Global report: Wuhan doctor who worked with whistleblower dies
A Chinese doctor who worked with the
whistleblower Li Wenliang in Wuhan died of the virus last week, state media
reported on Tuesday, becoming China’s first Covid-19 fatality in weeks.
Hu Weifeng, a urologist at Wuhan
Central Hospital, died on Friday after being treated for Covid-19 and relatd
issues for more than four months, state broadcaster CCTV said.
He is the sixth doctor from Wuhan
Central Hospital to have died from the virus, which emerged in the central
Chinese city last year.
Wuhan Central Hospital has yet to
give a formal statement on Hu’s death. In early February it said some 68 staff
members had contracted coronavirus. Hu’s condition became a national concern
after Chinese media showed images of him with his skin turned black due to
liver damage.
Fellow doctor Yi Fan showed similar
symptoms, but recovered and has since been discharged from hospital.

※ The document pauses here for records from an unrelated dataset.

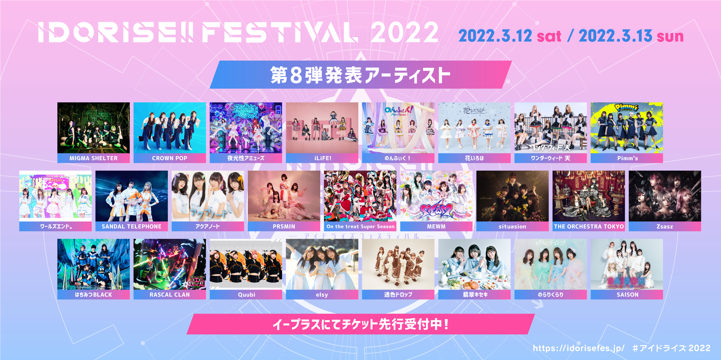 2022年3月12日(土)、13日(日)の2日間、東京・渋谷で開催される『IDORISE!! FESTIVAL 2022』の第8弾出演アーティストが発表された。
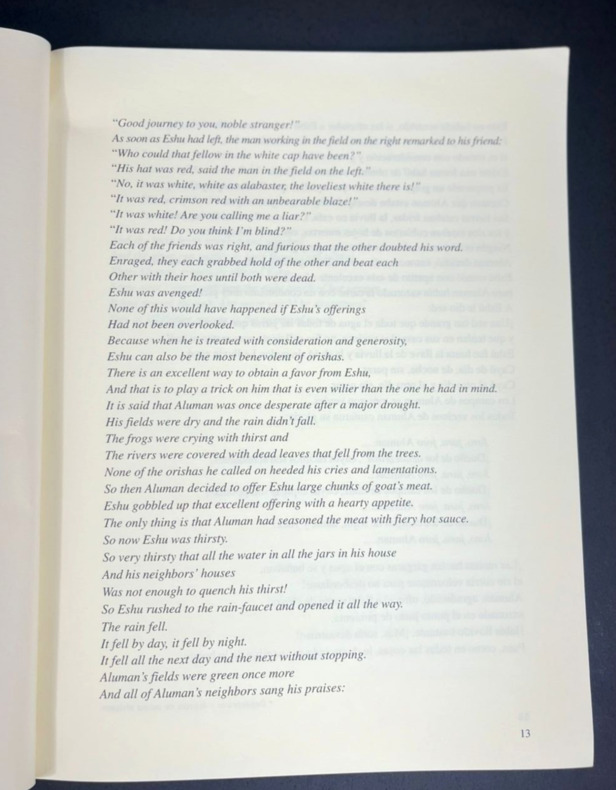 Salvador, Corrupio, 2006. First edition of the English and Spanish translation of Verger's original French and Portuguese book published in 1985. Wide in-8, 19 x 25 cm, 151 pp. Softcover. Green cover. Title in yellow and off-white. Illustrated with drawings by Carybé. Written in Spanish on the left pages and English on the right ones. Chapters: The Birth of Oraniyan; A Hunter becomes Orisha Oko; How Olokun Became Queen of the Waters; The Quarrel Between Oshala and Eshu; The War Between Oshala and Oduduwa; and many others.
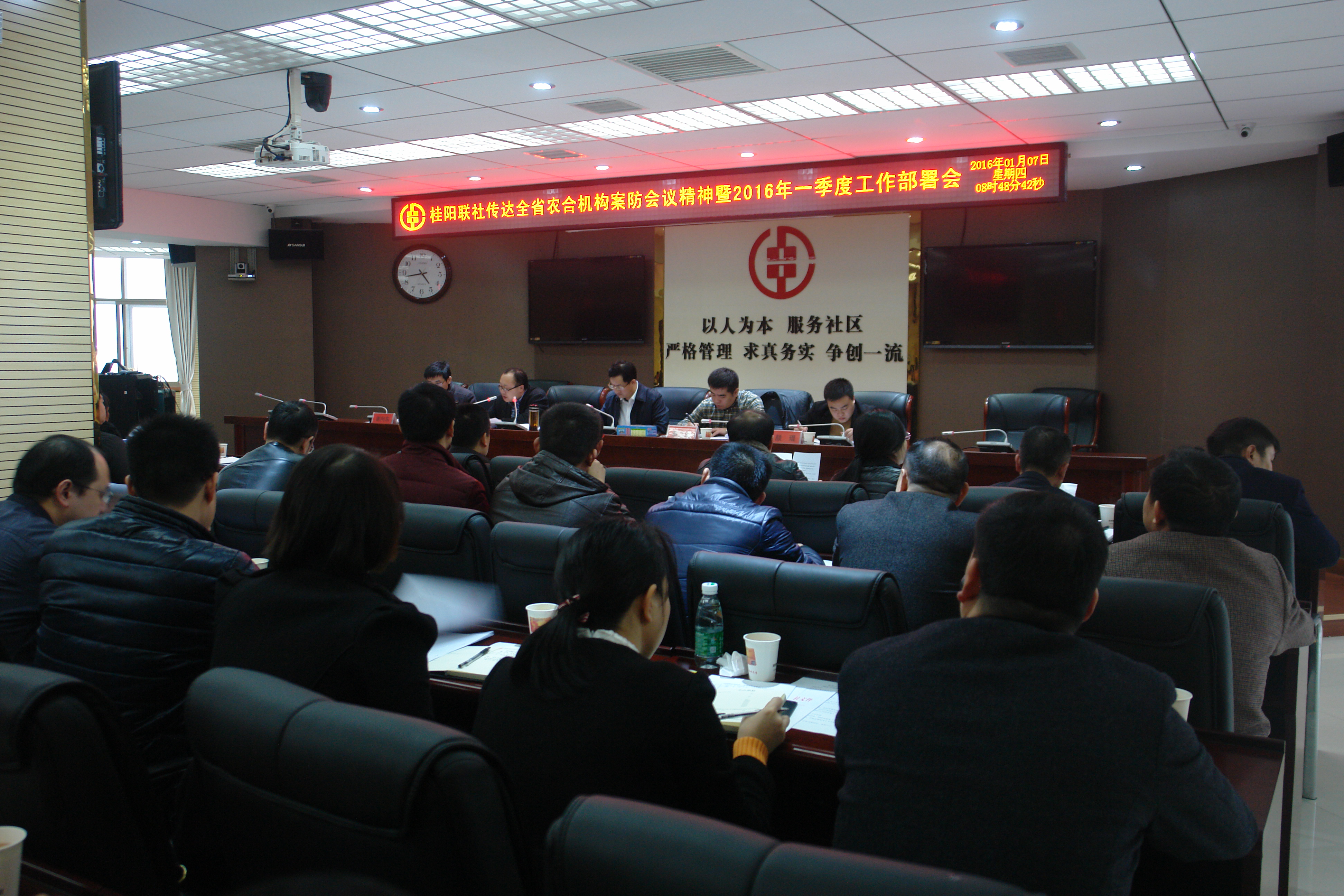 1月7日,桂阳联社组织召开传达全省农合机构案防会议精神暨2016年一季度工作部署会议,联社班子成员、主任助理、机关部室负责人、各基层信用社主任等共60余人参会。会议传达学习了2015年12月25日省联社李勤主任《在全省农村信用合作金融机构案件部署防控治理(电视电话)会议上的讲话》和刘云山《在部分省市“三严三实”专题教育工作座谈会上的讲话》精神,并结合桂阳联社当前实际情况对案件防控和2016年一季度工作进行了部署。
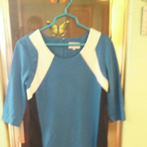 Beautiful blue, white and black dress. Worn gently. Tags show size 34 (Size 4 in US). Can easily fit a size 6. Black material on both sides going vertically.
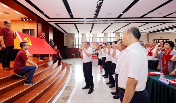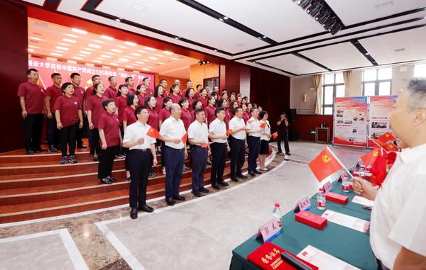 殷奇带领在场全体共产党员面向党旗重温入党誓词。在《没有共产党就没有新中国》的音乐声中,全场党员干部师生挥舞着手中的党旗放声高歌,唱出了永远跟党走的信心决心,表达了对党的百年华诞的真挚祝福,展现了天外人启航新征程的昂扬斗志。

The death of their colleague Li
Wenliang in February triggered a national outpouring of grief and rage against
the government as he documented his final days on social media.
Authorities in Wuhan separately said
that city-wide testing of 9.9 million people that began in mid-May found no new
cases of Covid-19, and 300 asymptomatic cases. China does not count
asymptomatic cases – meaning people who are infected with the virus but do not
exhibit symptoms of the disease – as confirmed cases.
Meanwhile, South Korea is testing a
new QR code tracing system to track visitors at entertainment venues,
restaurants and churches as it battles to contain persistent clusters of
infection
A church-linked Covid-19 cluster of
40 cases in the Seoul metropolitan area has been the third major flare-up in
recent weeks, following more than 250 infections stemming from nightclubs and
bars in the capital and at least 112 cases at a logistics centre in Bucheon,
west of Seoul.
Starting on 10 June visitors to
nightclubs, bars, karaoke clubs, daytime discos, indoor gyms that hold group
exercises and indoor standing concert halls will be required to use any of a
number of commercially available apps to generate a one-time personalised QR
code that can be scanned at the door.
The decision to trial the codes came
after authorities struggled to trace people in the nightclub outbreak because
much of the information on handwritten visitor logs was found to be false or
incomplete.
While infections from the recent
clusters have eased, there are fears of a spike when 1.8 million school
students return to class on Wednesday.
In Pakistan the prime minister has
defended his decision to lift almost all lockdown measures because of economic
losses, as deaths and infections continued to rise. In a televised address Khan
said his government could not afford to continue giving cash handouts to the
poor on such a large scale.
“Our conditions don’t allow that we
keep feeding money to them, how long we can give them money?” he said, adding
that around 130 million to 150 million people were adversely affected by the
shutdowns.
The country would open to tourism but
cinemas, theatres and schools would remain closed. Khan urged people to act
responsibly but said more infections and deaths were inevitable.
“This virus will spread more. I have
to say it with regret that there will be more deaths,” Khan warned. “If people
do take care they can live with the virus.”
New Zealand’s prime minister, Jacinda
Ardern, has said restrictions may be eased again sooner than planned as the
country was “ahead of schedule”. Cabinet will decide next Monday whether to
move to level-1 restrictions – the most lenient – two weeks ahead of when the
government had planned to make that decision. New Zealand has had no Covid-19
cases for 11 straight days.
It is believed level-1 restrictions
will involve little other than the continued closure of borders. This did not
apply for the international crew of the film Avatar 2, who were given special
permission arrive and begin filming. The director, James Cameron, and 55
members of his crew arrived on a privately chartered plane over the weekend,
with many people angered that they were granted an exception.
There are fears the increased use of
antibiotics to combat the pandemic will strengthen bacterial resistance and
ultimately lead to more deaths during the crisis and beyond, the World Health
Organization (WHO) has warned.
WHO director general Tedros Adhanom
Ghebreyesus said on Monday a “worrying number” of bacterial infections were
becoming increasingly resistant to the medicines traditionally used to treat
them.
In other coronavirus developments:
The UK’s death toll from Covid-19 is
on the brink of exceeding 50,000, according to the latest official figures,
confirming Britain’s status as one of the world’s worst hit countries by the
pandemic.
The White House coronavirus taskforce
member Dr Anthony Fauci has said he has not spoken to Donald Trump for two
weeks. It comes as fears mount over the spread of the virus at demonstrations
over the death of George Floyd.
The World Health Organization has
praised the United States’ “immense” and “generous” contribution to global health
in a push to salvage relations after Trump said he was severing ties. The WHO
also said it should have enough information in 24 hours to decide whether to
continue its suspension of trials of the antimalarial drug hyrdroxychloroquine
against Covid-19.
Deaths in Mexico passed 10,000 as the
WHO warned that Central and South America had become “intense zones for
transmission of this virus” and had not reached their peak in cases.